DATASET EXTRACT
· · · · ·

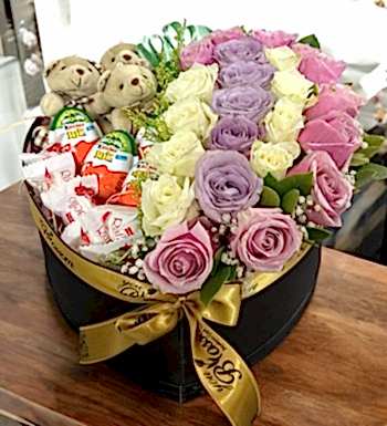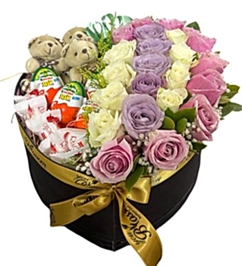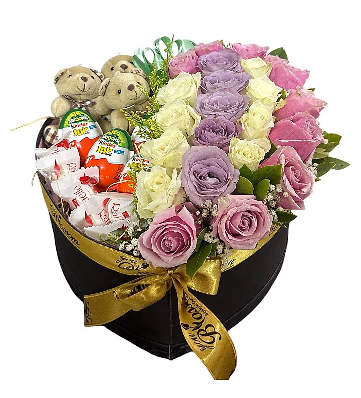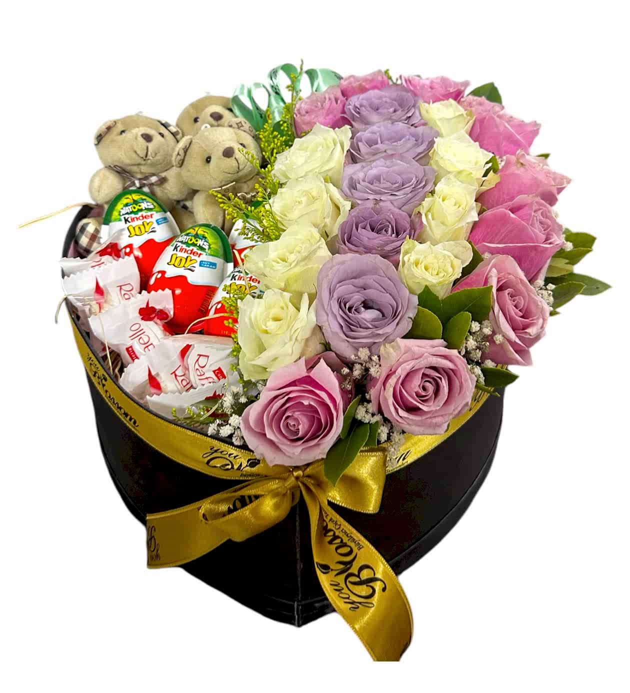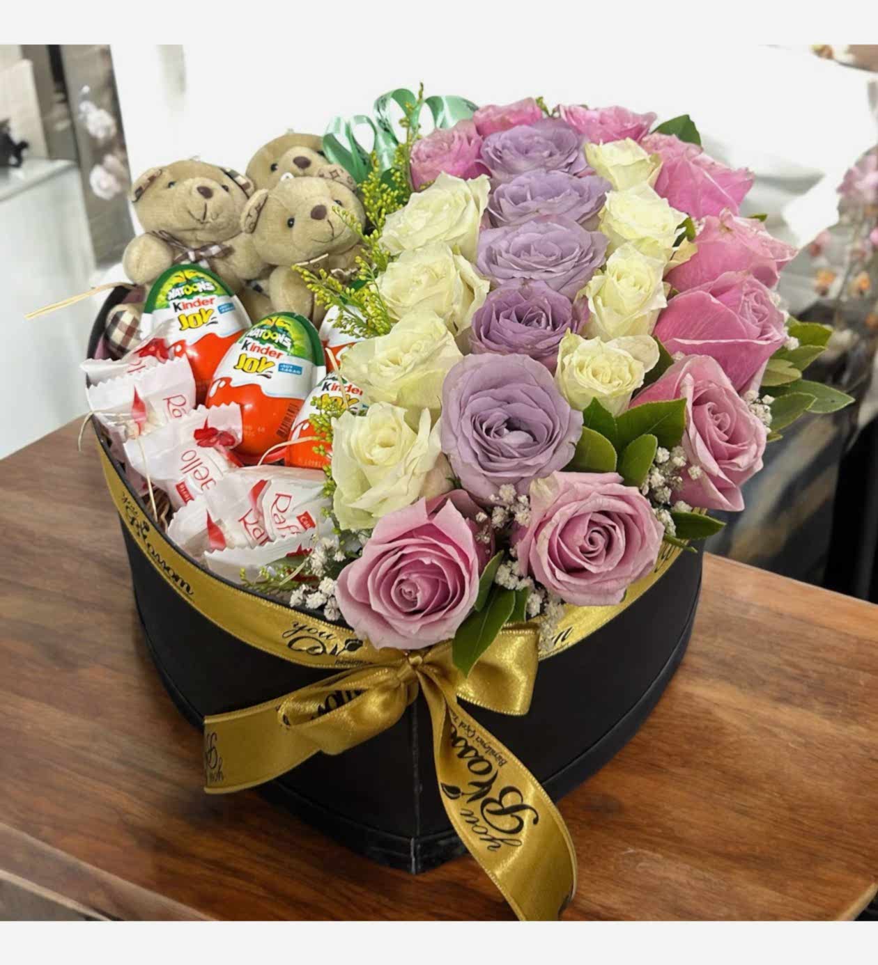 Teddy Bear Colourful Roses içerisinde lila gül, pembe gül, beyaz gül ve somon gül, teddy ayıcık ve surpiz yumurta, raffaello mevcut olup uzman çiçek tasarım ekibimizin sizler için yakınlarınızın özel günlerinde harika bir hediye fırsatı sunmaktadır.
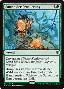 | Rules | Undaunted (This spell costs less to cast for each opponent.) Return up to two target cards from your graveyard to your hand. Exile Seeds of Renewal. |
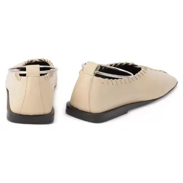 抜け感とモダンなムードを兼ねる、主役級のバレリーナ。バブーシュ風のデザインに惹かれるバレリーナシューズです。甘さ控えめのノットレザーストリップのディテールは、クラシックなエッセンスがありつつも新鮮。トウシューズのリボンを思わせるメタルパーツも、モードに導くシルエットに更新してくれそう。ボディはしなやかで強度も高い山羊革を採用。長く愛せるつくりの良さも魅力です。
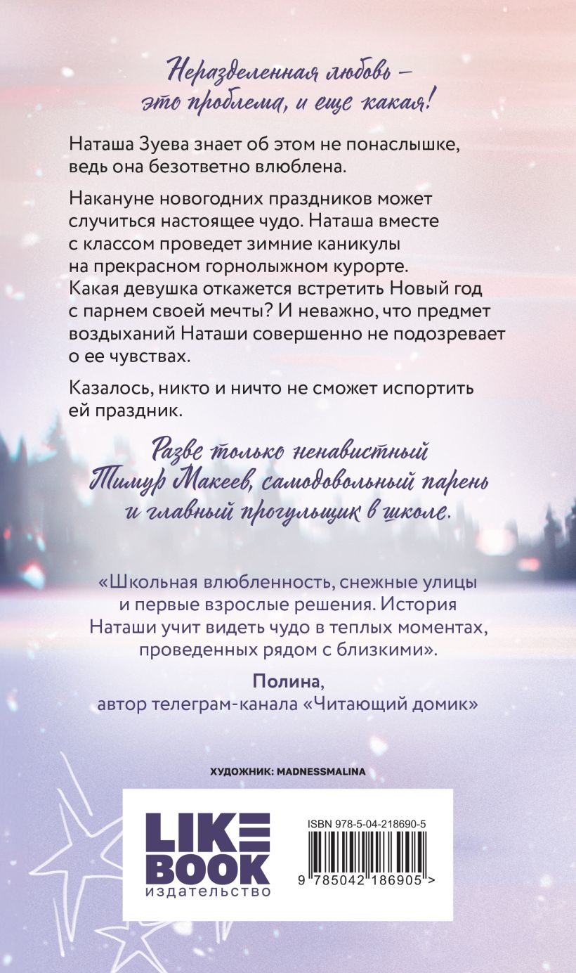 Накануне новогодних праздников может случиться настоящее чудо. Наташа вместе с классом проведет зимние каникулы на прекрасном горнолыжном курорте. Какая девушка откажется встретить Новый год с парнем своей мечты? И неважно, что предмет воздыханий Наташи совершенно не подозревает о ее чувствах.
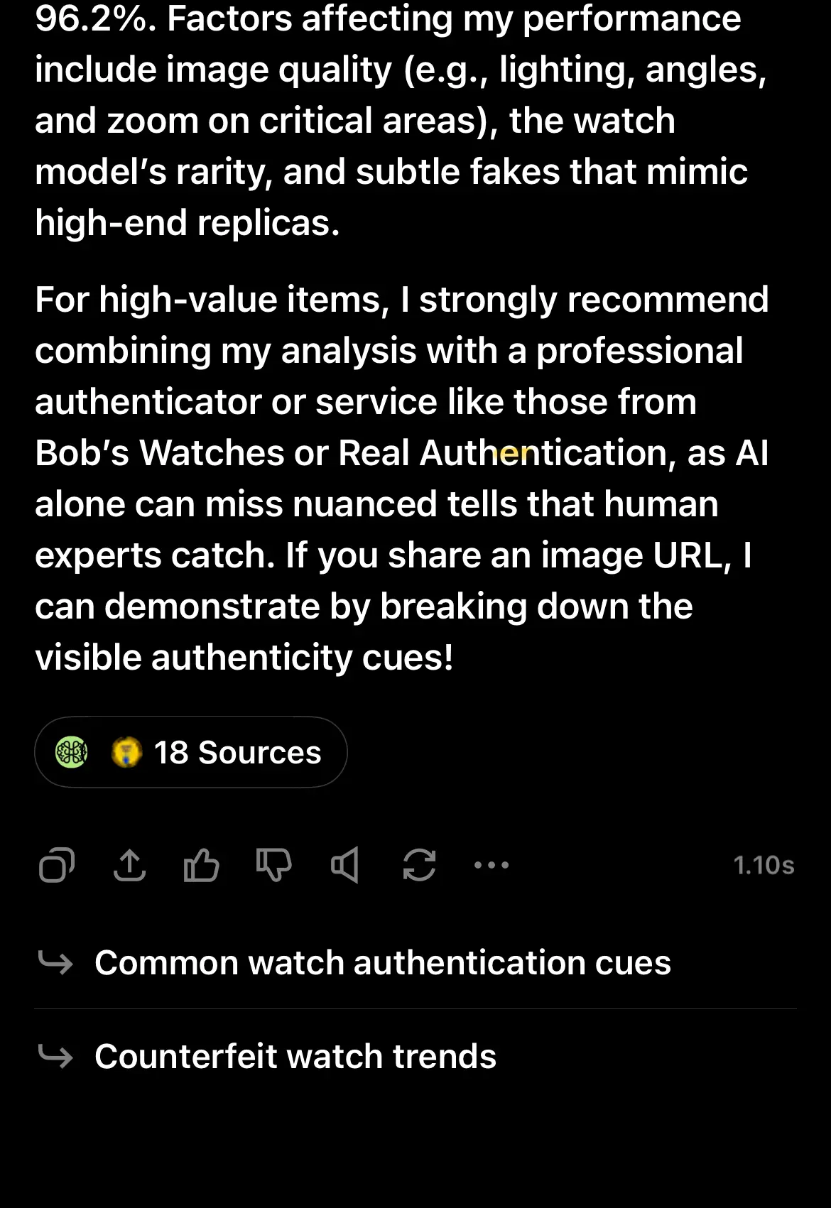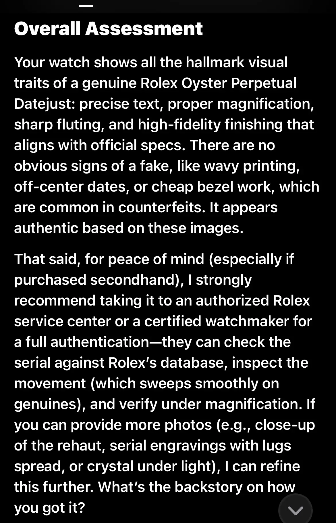 So I attempted to have it authenticate my Rolex. It spit out an impressive list of things to look at and compared each one to my image. Actually quite in depth but I think it made an error reading it as fluted. I can’t explain that.

· · · · ·

EXERCISE DIRECTIONS
Take the lines above from the top of the records through the one with "Накануне новогодних праздников" and repeat them exactly, without any pictures.

ANSWER SPACE
 Teddy Bear Colourful Roses içerisinde lila gül, pembe gül, beyaz gül ve somon gül, teddy ayıcık ve surpiz yumurta, raffaello mevcut olup uzman çiçek tasarım ekibimizin sizler için yakınlarınızın özel günlerinde harika bir hediye fırsatı sunmaktadır.
 | Rules | Undaunted (This spell costs less to cast for each opponent.) Return up to two target cards from your graveyard to your hand. Exile Seeds of Renewal. |
 抜け感とモダンなムードを兼ねる、主役級のバレリーナ。バブーシュ風のデザインに惹かれるバレリーナシューズです。甘さ控えめのノットレザーストリップのディテールは、クラシックなエッセンスがありつつも新鮮。トウシューズのリボンを思わせるメタルパーツも、モードに導くシルエットに更新してくれそう。ボディはしなやかで強度も高い山羊革を採用。長く愛せるつくりの良さも魅力です。
 Накануне новогодних праздников может случиться настоящее чудо. Наташа вместе с классом проведет зимние каникулы на прекрасном горнолыжном курорте. Какая девушка откажется встретить Новый год с парнем своей мечты? И неважно, что предмет воздыханий Наташи совершенно не подозревает о ее чувствах.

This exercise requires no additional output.